This is the first report of the long-term adverse effects of widespread chronic pain, fatigue, psychological distress and disturbed sleep after acute SARS that contributed to the failure to return to productive work of a small cohort of health care professionals at least one year after their acute illness. After their initial SARS symptoms of severe respiratory distress, fever with evidence for infiltrates in their lungs had remitted so that they were considered to be no longer in need of special quarantine and acute treatment measures, a constellation of symptoms persisted that interfered with their ability to function in their occupations. This was then a potentially biased selection process of 22 patients who were members of a group of 50 chronically ill survivors of SARS. A larger study of 107 patients from Toronto, with a more widely selected population [26] had shown that, at the one year mark some continued to describe problems with pain, reduced vitality, physical, mental, and social functioning. Only 14 (13%) were asymptomatic, leaving 93 patients (87%) symptomatic, where 18 (17%) had not returned to work, and 10 (9%) had returned to modified work. If one presumes that the asymptomatic group was most likely to return to unmodified work, then of the 79 patients returning to unmodified work, only 14 were asymptomatic. This leads to the arithmetic conclusion that 65 (82%) of their patients who returned to unmodified work were nevertheless continuing to work despite ongoing symptoms.

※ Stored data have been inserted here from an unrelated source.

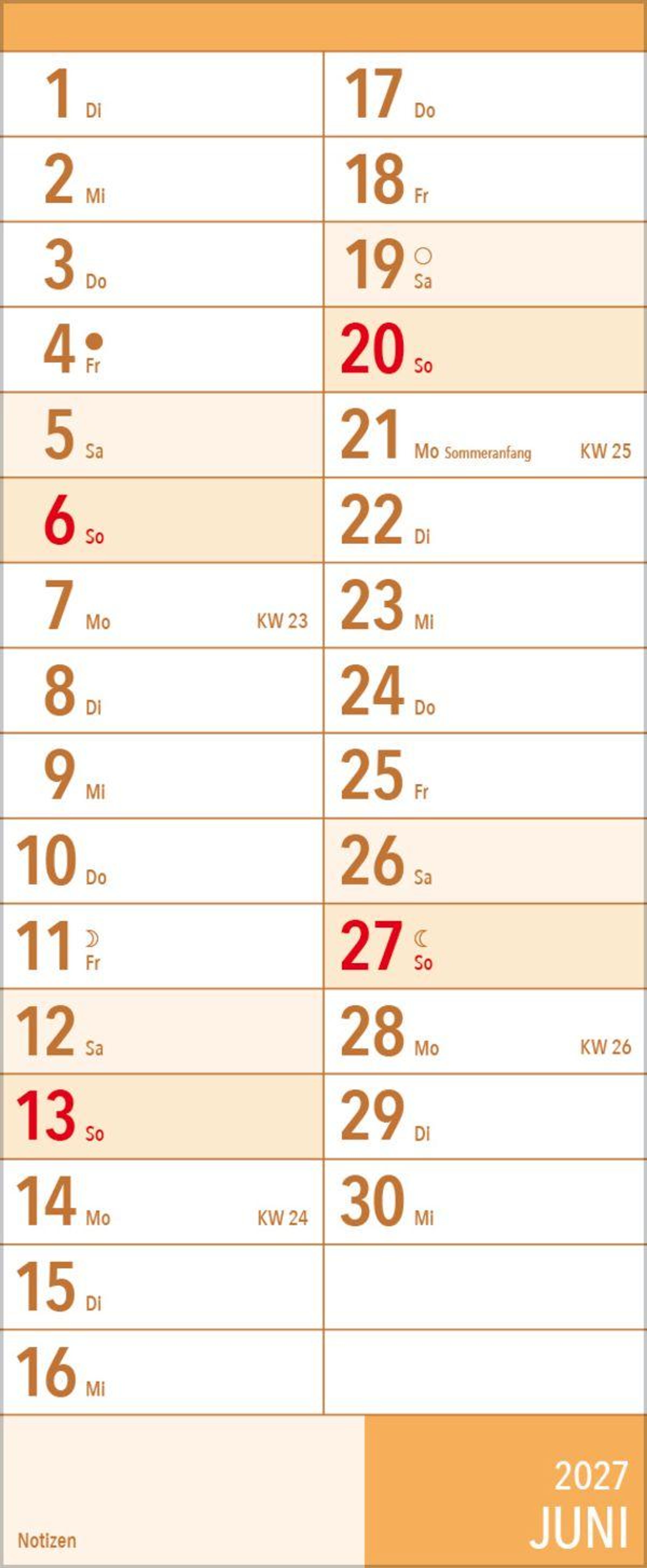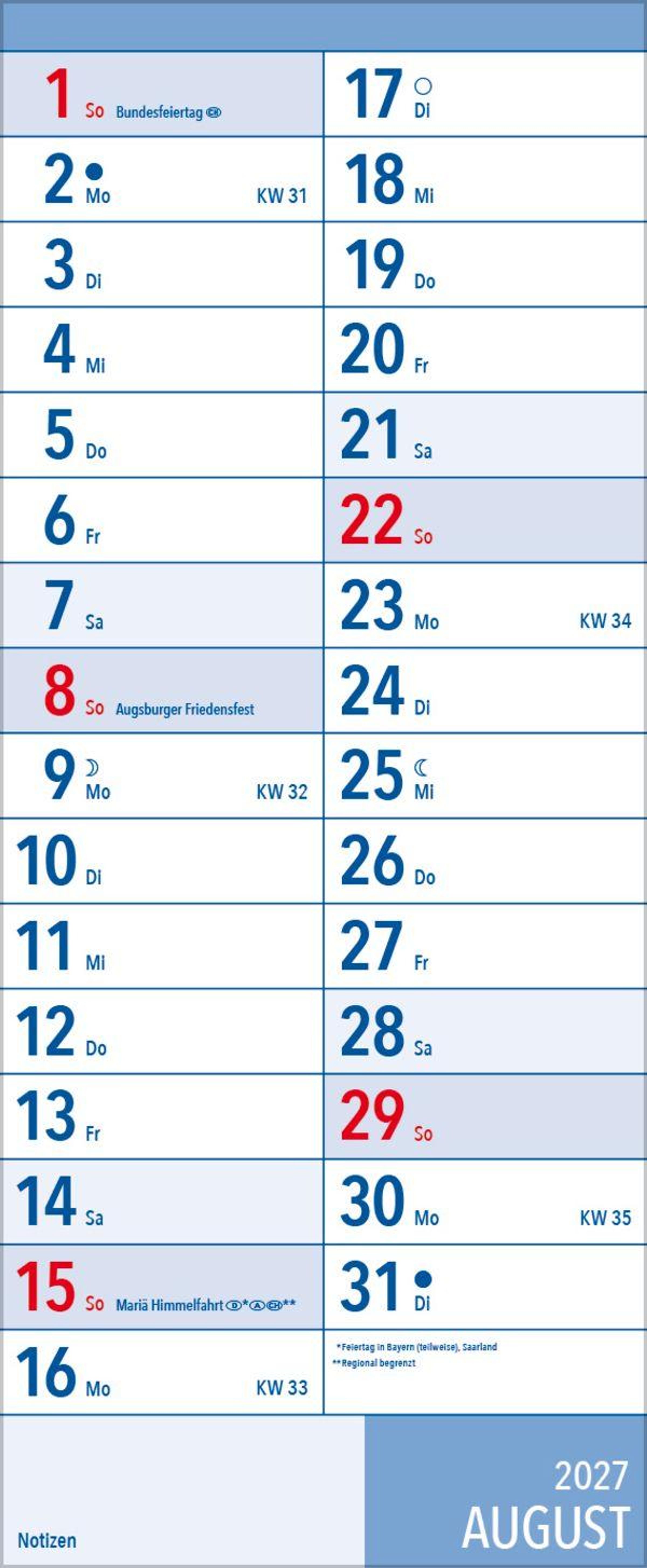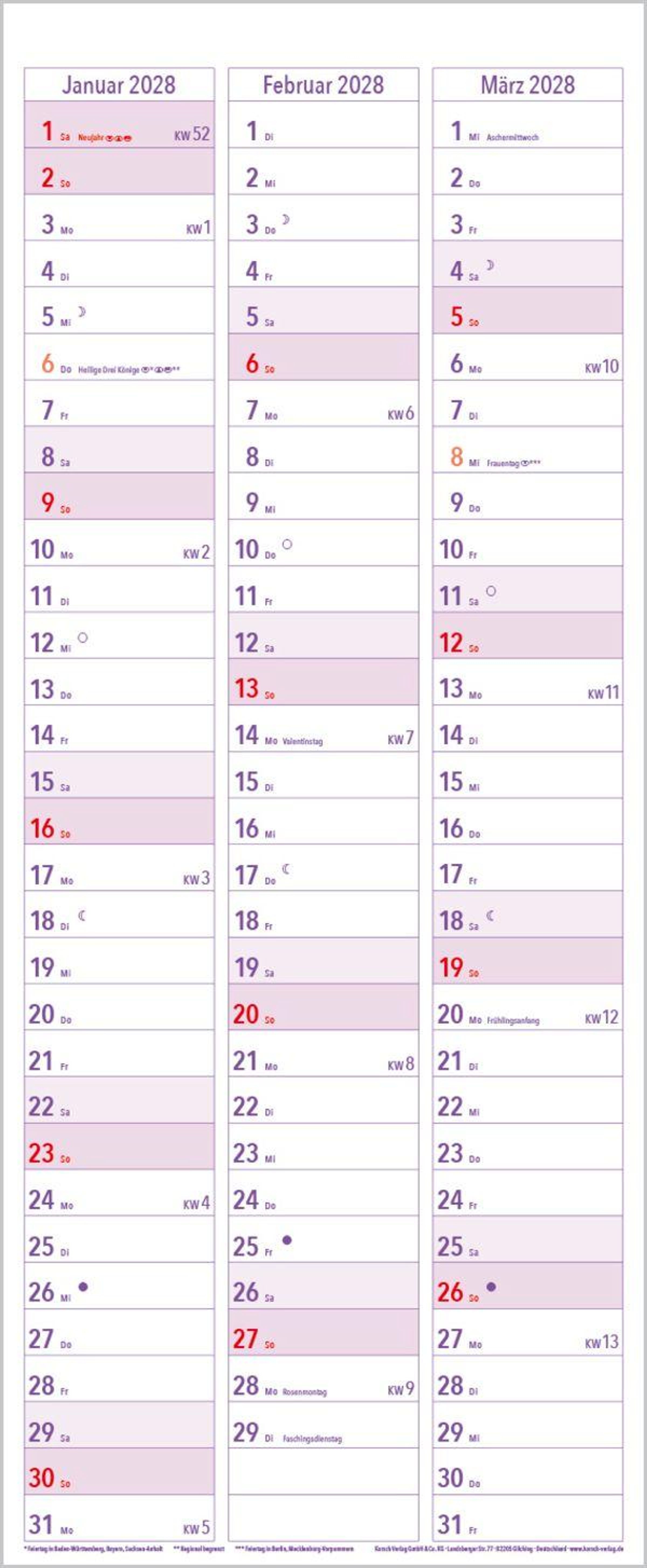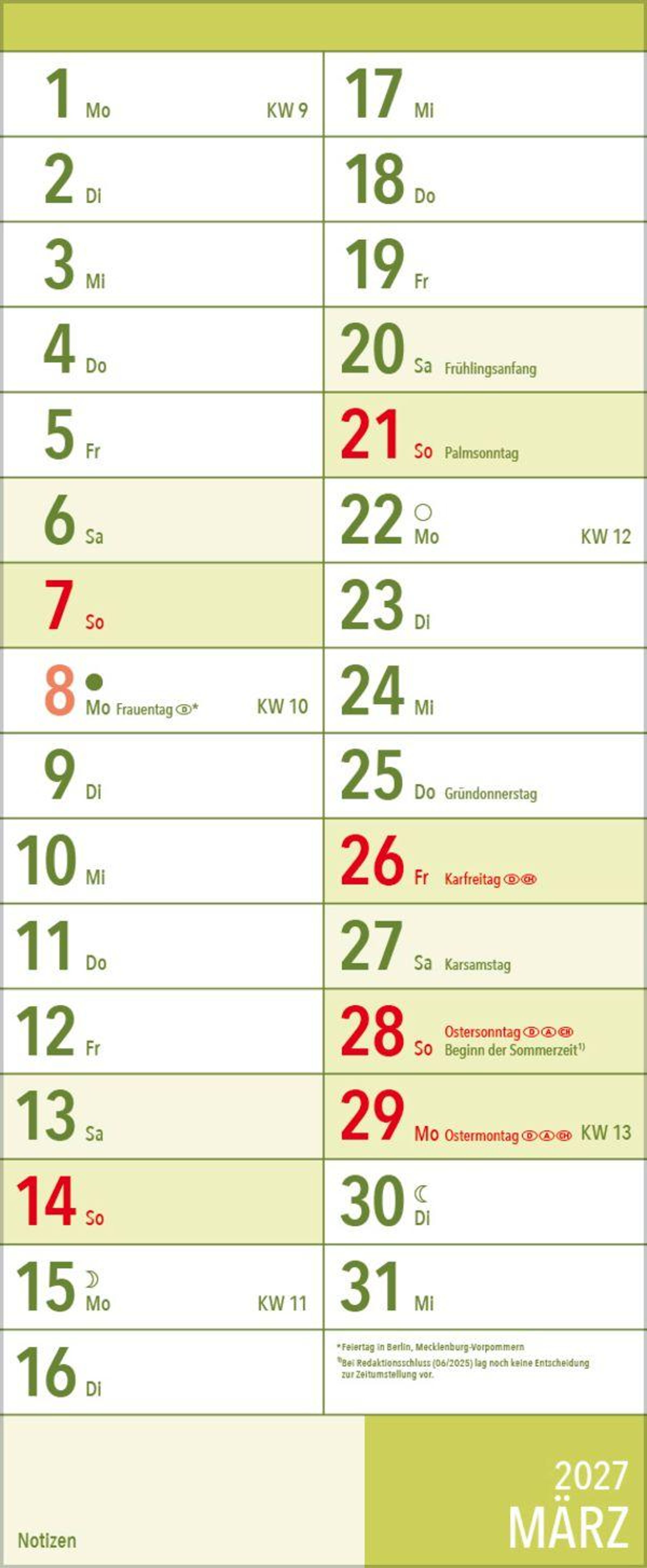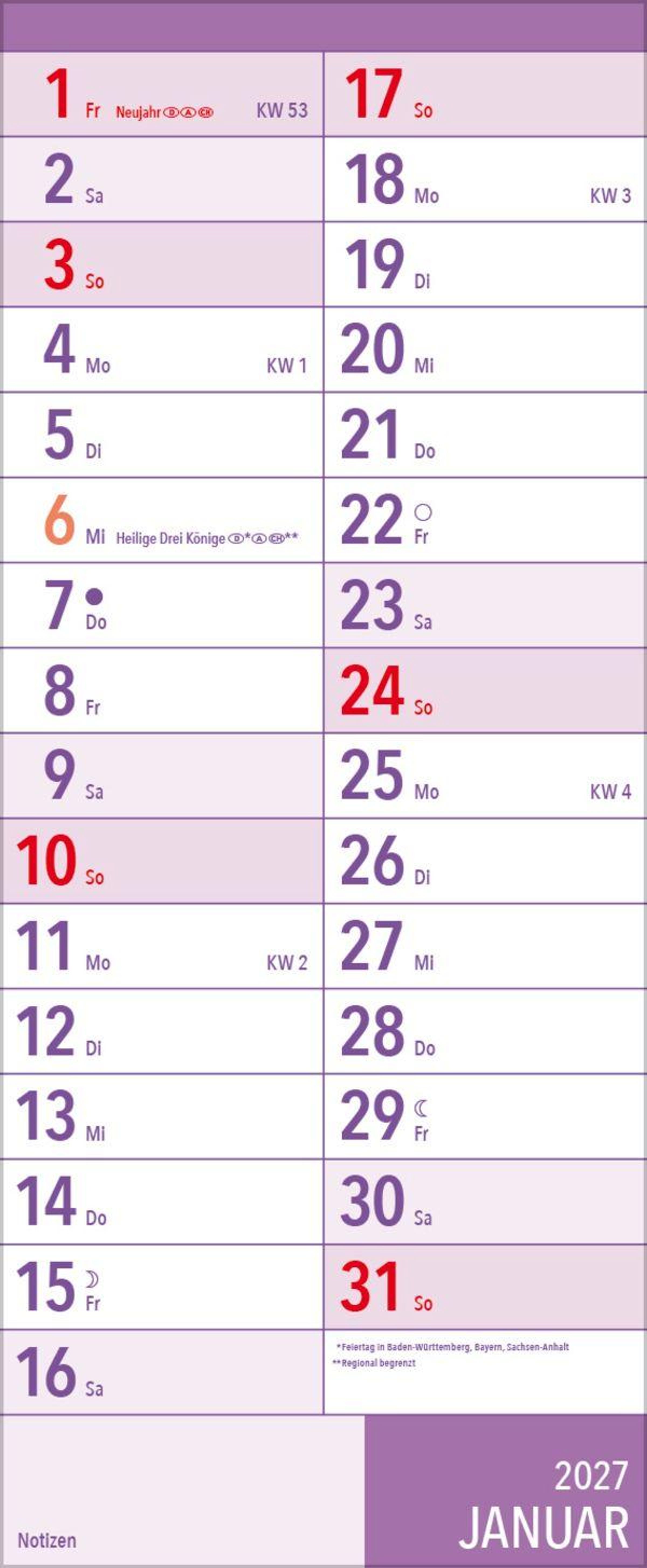Produktmerkmale Format: 19 x 46 cm; schmaler Wandkalender mit extra viel Platz für Termine Kalendarium mit großen Zahlen auf Deutsch mit hervorgehobenen Sonn- und Feiertagen für D, A und CH Gedruckt auf umweltfreundlichem FSC Papier XL-Wandkalender mit extra großer Schrift und modernen Farben. Inklusive Ferienterminen und Vorschau bis März des Folgejahres. Kalendarium in Deutsch.
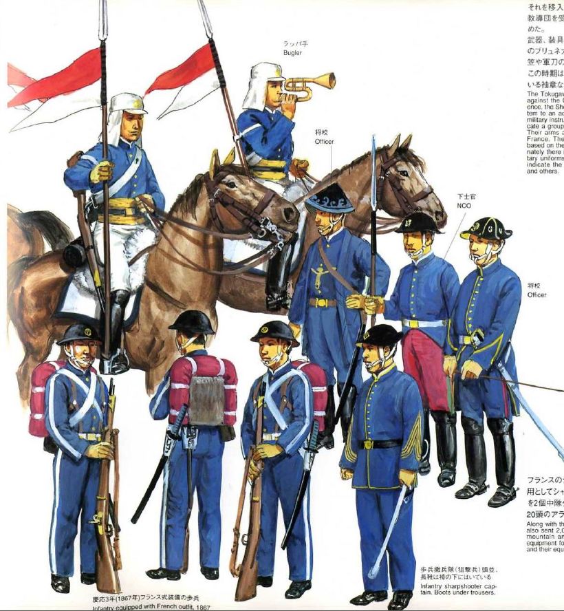 与淮军创立几乎同时的 1860 年代初,德川幕府为应对西南强藩的军事压力,挽救统治危局,模仿西方军事编制建立了第一支近代化部队,包含了步、骑、炮三军。1862 年,幕府出台系统了的军事改革方案,计划编练新式陆军 12000 多人,需军官 1400 余名,其中的炮兵、轻步兵士官原则上要求由掌握西方战术知识的武士充任。
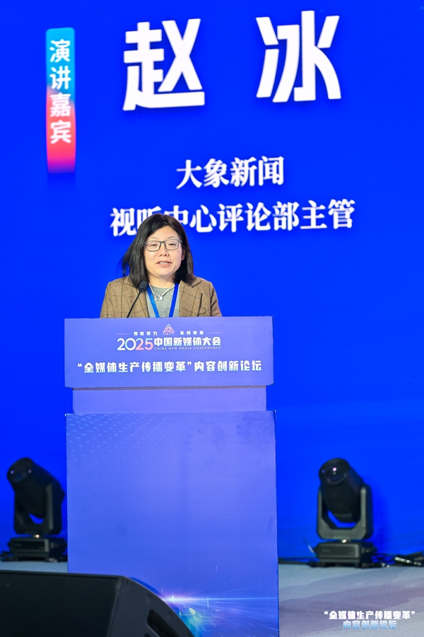 11月12日下午,2025中国新媒体大会“全媒体生产传播变革”内容创新论坛在长沙举办。在“破圈之声”创作者说环节,大象新闻视听中心评论部主管赵冰带来演讲分享《一碗面条的创作启示:从 “蹭饭书记” 爆火看新媒体的真实回归》,以下是内容全文:
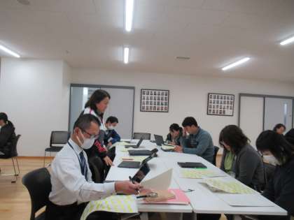 12月13日(水) 来年度に向けて 公開日 2023/12/13 更新日 2023/12/13 八尾中学校のページ 今日は、ノー部活動デー。 教職員は、職員会議、研修会を行いました。研修会では、3つのグループに分かれて、来年度の行事等について見直しを行い、意見を出し合いました。教職員全員で、「考え」、「動く」、まさしく「考動」(こうどう)です。 chromebookのスプレッドシートを活用して、意見を共有しながら話合いを行いました。
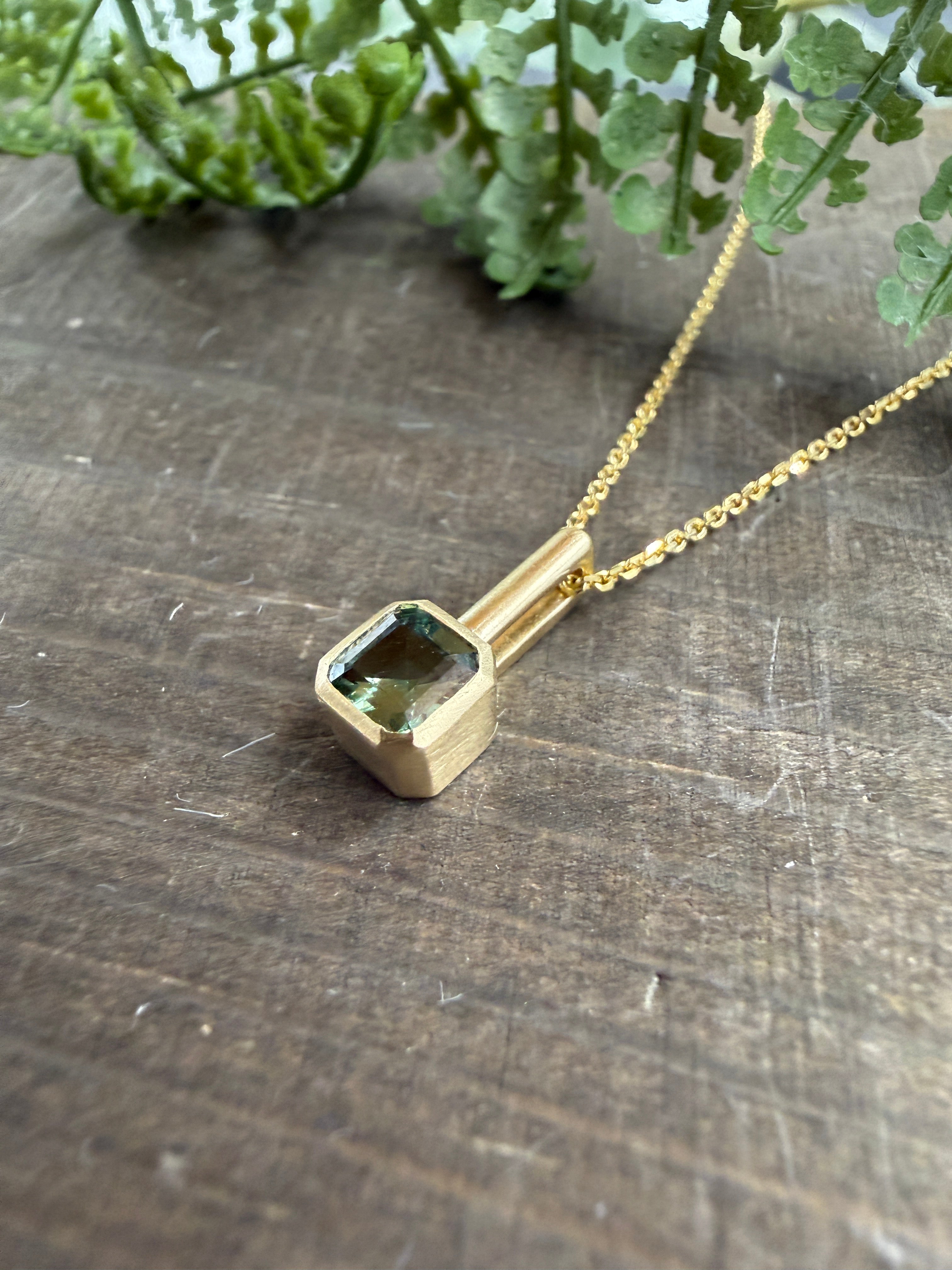 A simple and elegant piece, this pendant features a 0.60ct asscher cut teal sapphire that has been bezel set in brushed 14k yellow gold. This pendant hangs approximately half an inch off of a 14k yellow gold 16" chain.

Furthermore, 5 of our 22 subjects showed variable daytime sleepiness, which was associated with snoring indicative of sleep disordered breathing, but not necessarily overt sleep apnea. While sleep-related breathing disturbances have been reported in some patients with FMS/CFS [27-29] only three post-SARS subjects exhibited mild to moderate sleep apnea/hypopneas. However, they may have had this sleep disorder before SARS because they were being treated for hypertension, a common causal risk for untreated sleep apnea [30]. Nevertheless, these sleep-related respiratory disturbances together with the alpha EEG sleep disorder may have contributed to their unrefreshing sleep and daytime symptoms.

Our single overnight study showed sleep physiological changes in stage 2 and REM onset latency that may have been influenced by being a feature of the potential adverse effect on sleep of the procedures employed in the study, known as the first night effect. The groups, however, were compared under similar circumstances although the SARS healthcare subjects may have been more sensitive to being tested in the sleep laboratory, and being more depressed. The two who were receiving antidepressant medications (citalopram) did not differ in any of the sleep parameters from the others who were equally depressed and not receiving such medications.

In our cohort, their disabling chronic fatigue, variable nonspecific myalgia, depression and sleep disturbances are similar to those experienced by patients with post-febrile Chronic Fatigue Syndrome (CFS) [31] and Fibromyalgia Syndrome (FMS) [32]. Indeed, physiological changes in their sleep EEG, i.e., the alpha EEG sleep anomaly is a common feature in such patients who commonly complain of unrefreshing sleep, fatigue, musculoskeletal pain, impaired cognitive functioning, and emotional distress [21,23,33-36]. In the comparison of the post-SARS patients to the FMS subjects we noted similar sleep EEG elevated cyclical alternating pattern rate as previously reported by ourselves and others [22,23]. However, in this study both the alpha EEG sleep ratings and the pain ratings were greater in FMS disorder than the post-SARS patients. Indeed the post-SARS patients seem to be similar to CFS patients where their focus is on fatigue symptoms rather than the pain.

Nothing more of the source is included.